Dorensky himself, for example, can now completely devote himself to the piano only in the summer. Not enough, of course, he is aware of this. “Pedagogy is a great joy, but often it, this joy, is at the expense of others. There’s nothing to be done here.”
* * *
Nevertheless, Dorensky does not stop his concert work. As far as possible, he tries to keep it in the same volume. He plays where he is well known and appreciated (in the countries of South America, in Japan, in many cities of Western Europe and the USSR), he discovers new scenes for himself. In the 1987/88 season, he actually brought Chopin’s Second and Third Ballades to the stage for the first time; Around the same time, he learned and performed – again for the first time – Shchedrin’s Preludes and Fugues, his own piano suite from the ballet The Little Humpbacked Horse. At the same time, he recorded several Bach chorales on the radio, arranged by S. Feinberg. Dorensky’s new gramophone records are published; Among those released in the XNUMXs are CDs of Beethoven’s sonatas, Chopin’s mazurkas, Rachmaninov’s Rhapsody on a Theme of Paganini and Gershwin’s Rhapsody in Blue.

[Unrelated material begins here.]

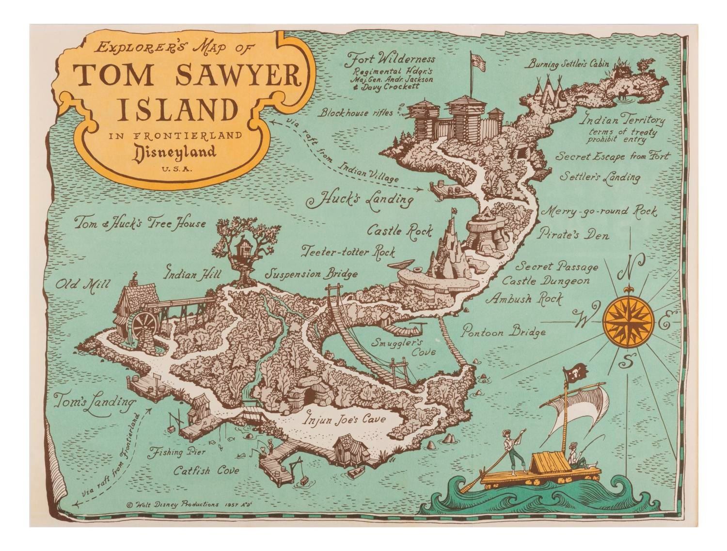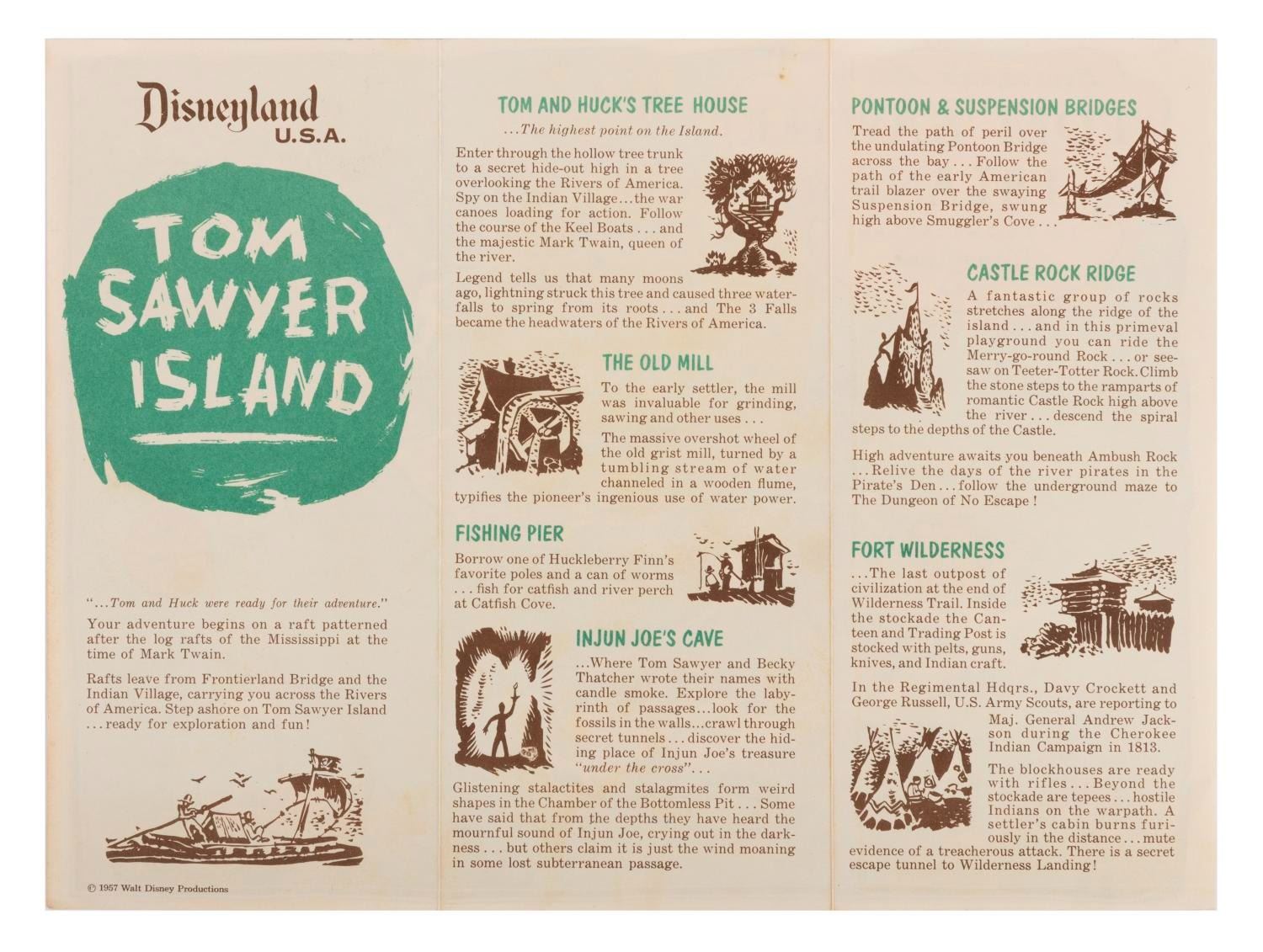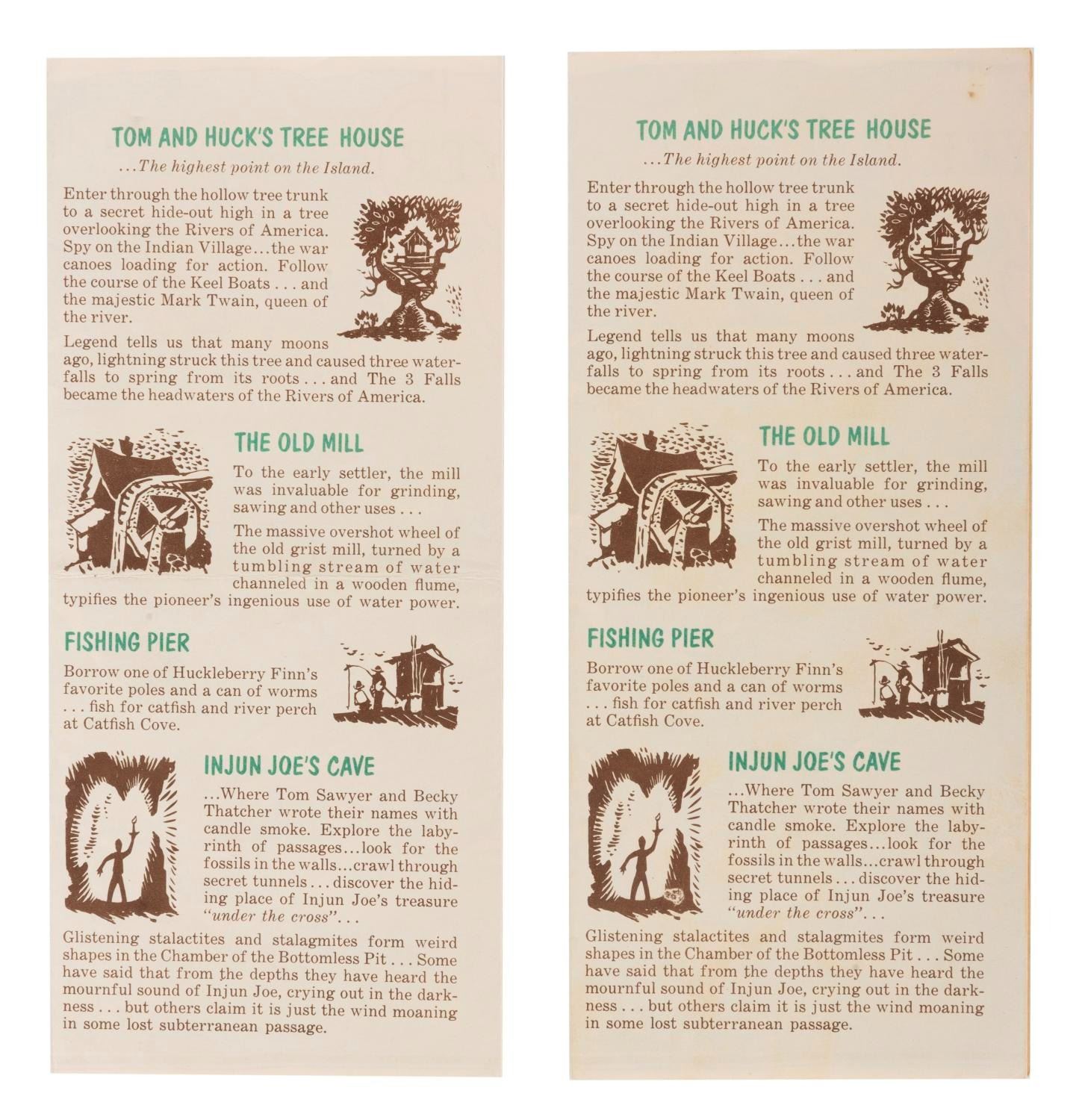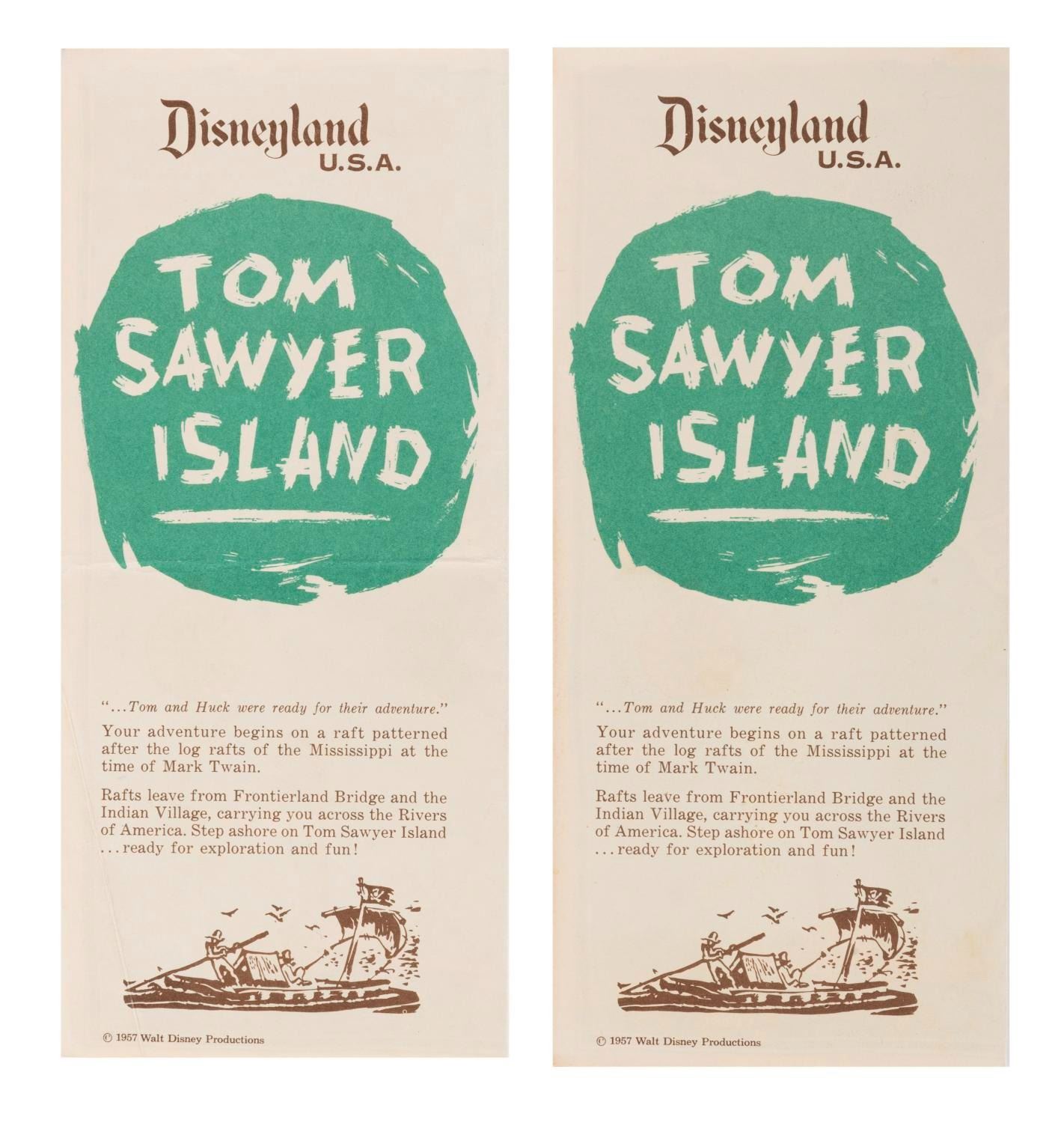 (Disneyland, 1957) This pair of early fold-out "Disneyland U.S.A. Tom Sawyer Island" maps. Measuring 8.5"x3.75", each piece is in good condition, with a few creases, discoloration, and wear.

As always happens, Dorensky succeeds in some things more, something less. Considering his programs of recent years from a critical angle, one could make certain claims against the first movement of Beethoven’s “Pathetique” sonata, the finale of “Lunar”. It’s not about some performance problems and accidents that could be or not be. The bottom line is that in pathos, in the heroic images of the piano repertoire, in music of high dramatic intensity, Dorensky the pianist generally feels somewhat embarrassed. It’s not quite here his emotional-psychological worlds; he knows it and candidly admits it. So, in the “Pathetic” sonata (first part), in “Moonlight” (third part) Dorensky, with all the advantages of sound and phrasing, sometimes lacks real scale, drama, powerful volitional impulse, conceptuality. On the other hand, many of Chopin’s works make a charming impression on him – the same mazurkas, for example. (The record of mazurkas is perhaps one of Dorensky’s best.) Let him, as an interpreter, speak here about something familiar, already known to the listener; he does this with such naturalness, spiritual openness and warmth that it is simply impossible to remain indifferent to his art.
However, it would be wrong to talk about Dorensky today, let alone judge his activities, having only a concert stage in sight. A teacher, the head of a large educational and creative team, a concert artist, he works for three and must be perceived simultaneously in all guises. Only in this way can one get a real idea of the scope of his work, of his real contribution to the Soviet piano-performing culture.